M: you can’t prove it and you are more than likely taking his words out of context. You people love inventing stories

Hey, Gators are all about invented story lines, albeit poorly constructed dumb ass ones.

These master debaters refuse to read or simply ignore that Roosh wrote this in Bang Iceland.

I realized how drunk she was. In America, having sex with her would have been rape, since she couldn’t legally give her consent. It didn’t help matters that I was relatively sober, but I can’t say I cared or even hesitated.

Since, as David points out, that is also rape in Iceland, Roosh is an admitted rapist. It’s pretty fucking straight forward.

Scarlettathena
9 years ago

That right there? The “they have a burden of proof” part? That assertion implies a belief system.
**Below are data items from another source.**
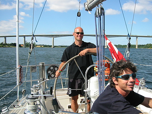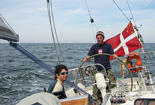 We really wanted our engine back so we'd have a fair chance of getting into haven with the boat still floating. We brought a wind charger, which wasn't mounted yet but with a little work it might just help us out. Tim took the wheel and I started to work on the regulator while Claus assembled the windmill. After a short while we had it all ready to charge the batteries but nothing to mount it on since we got rid of the pole in Klintholm, expecting a new one to arrive in Aabenraa. So we had to hold it with our hands. While Tim tacked into Femersund Claus and I sat on the side of the boat holding a small windmill that weighs about 20-25kg. It's shaped like a regular windmill, which makes it kinda hard to hold with the rotating blades and all and we had to change side every time Tim turned the boat. After a while we actually began to look forward to the turns because it gave us a chance to rest our arms for a second before getting the windmill to the other side of the boat.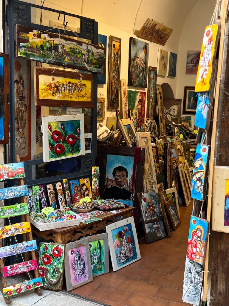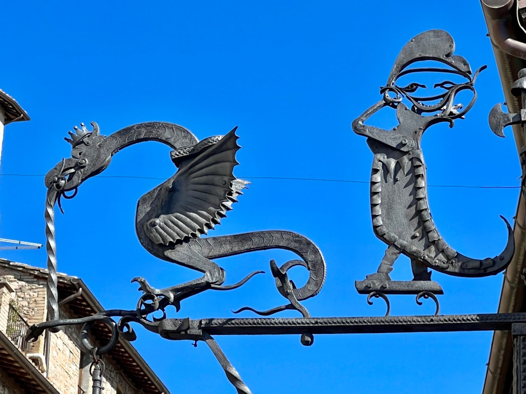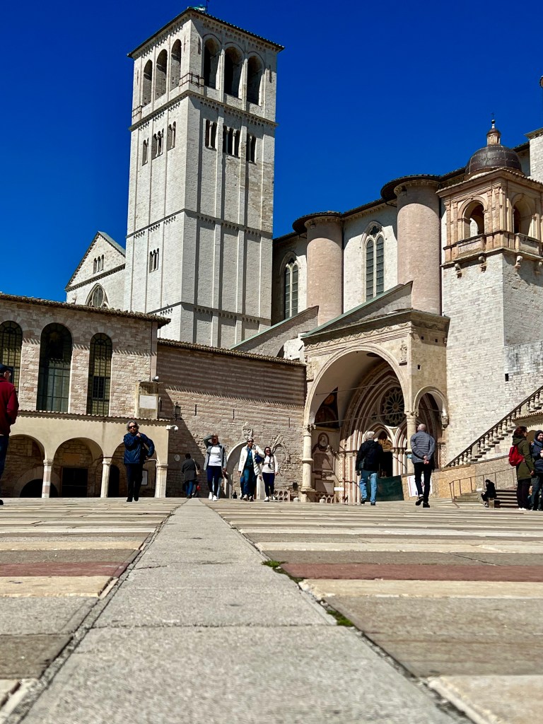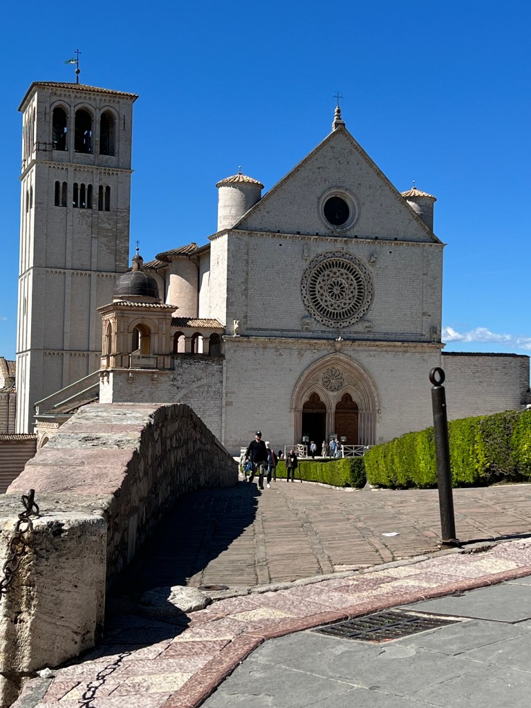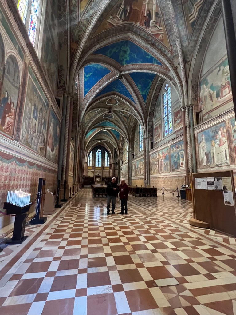 Arriving in Assisi, the old city stood up on a high hillside which necessitated having a taxi drive us into that ancient city. Then walking up the stone streets to St. Francis Cathedral we toured inside. As with nearly all the churches, it was outstandingly beautiful.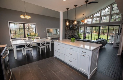 The perfect blend of modern and traditional, our solar powered home was designed to take full advantage of southern exposure light; with an entire wall of glass the focal point of our spacious and open great room/dining room/kitchen. A separate den/television room connects to the downstairs master with en-suite bathroom and has a sliding pocket door to offer privacy to your own houseguests (perfect for in-laws, with it's own private entrance). Sliders in the downstairs master and dining area open up to 400' of mahogany decking overlooking the 18 x 36' heated saltwater pool with its own bluestone patio.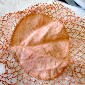 Below, previously madder dyed cotton doily: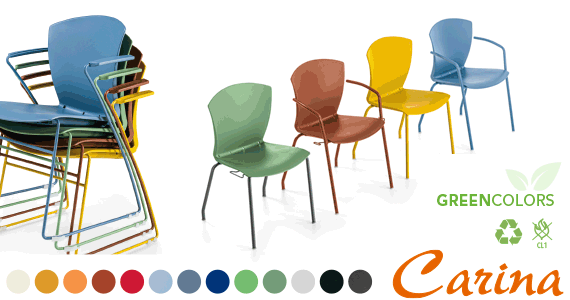 Déclinée en 13 coloris, la chaise Carina est fabriquée à partir de 65% de matériaux recyclés. Elle est ignifugée et conforme aux normes non-feu CL1/ITA ainsi qu’aux exigences environnementales.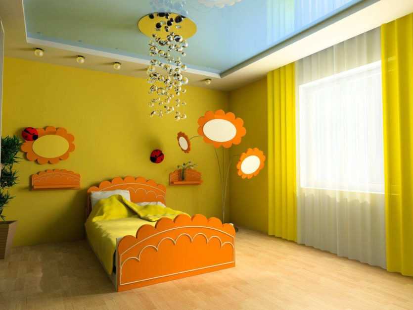 Но даже глянец может испортить атмосферу покоя в комнате, если переборщить с яркостью красок. Оранжевый потолок в детской обязательно наполнит комнату теплом и создаст настроение, но цвет должен быть мягким, немного разбавленным. Хорошо смотрятся цветные полотна, когда они выполнены в белом или одном из основных выбранных цветов. Если комната наполнена розовыми красками, потолок тоже может быть бледного пастельного розового оттенка.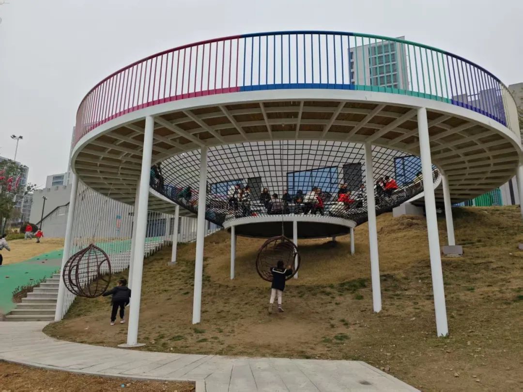 滨江公园是融合自然与趣味的城市乐园。公园一期就是遛娃和休闲的宝藏地。彩色滑梯、别致秋千,免费向大小朋友开放,让欢笑声回荡在空气中;大型攀爬网和沙地区域,激发孩子的探索欲,还不花一分钱。玩累了,在葱郁树木间漫步,呼吸清新空气,享受免费的自然疗愈。

I would disagree. It implies a belief, simply a belief in gods. That is not a system.

Scarlettathena
9 years ago

@EJ

It may be that I don’t pay any attention to what you’re calling “movement atheism”. I’ve seen lots of talk about various atheists organizing through the years. I think it’s neat that like-minded people want to get together, but I don’t pay attention to that stuff.

Sure, there are assholes throughout all society and you can spot misogyny in all kinds of groups of people, and like I said, atheism is no guarantee of rational thought. It is simply the rejection of a claim.

Mainly, my point is simply that a person arguing “as an atheist” can only really assert one thing – their lack of belief in any gods – so there isn’t much positive claim you can start to build up. If they start to say, “I think we should base our reasons for X on science”, then they should absolutely be able to defend why they think that is the case.

btw – to all – sorry if my comments have derailed the thread!

Scarlettathena
9 years ago

@ Kimstu again

I thought I should elaborate on my response. Let’s say there are people who believe in unicorns and others who don’t.

The only ones who have burden of proof are those who claim unicorns exist. I can’t show evidence for a negative. All I can do is say I don’t believe unicorns exist because I’ve never seen one, never seen evidence for one, even a picture. All I have is some people saying they believe in unicorns.

Right now, that’s not a system. That’s a belief.

Now, if people who believed in unicorns started organizing other beliefs around their belief in unicorns, that would start to be a system. This could entail other beliefs, rituals, behaviors, sacred objects, actions/words/things to avoid. For example, unicornists might say it is holy to walk through the woods in silence under the full moon, have rituals in the clearings where we raise unicorn horns to the sun or chant unicorn songs. I may have to avoid meat or only chew on grass. Or whatever. Now we have a system.

Religion is like that. Theism is a belief in at least one god, but it is not a system. Catholicism is a belief system.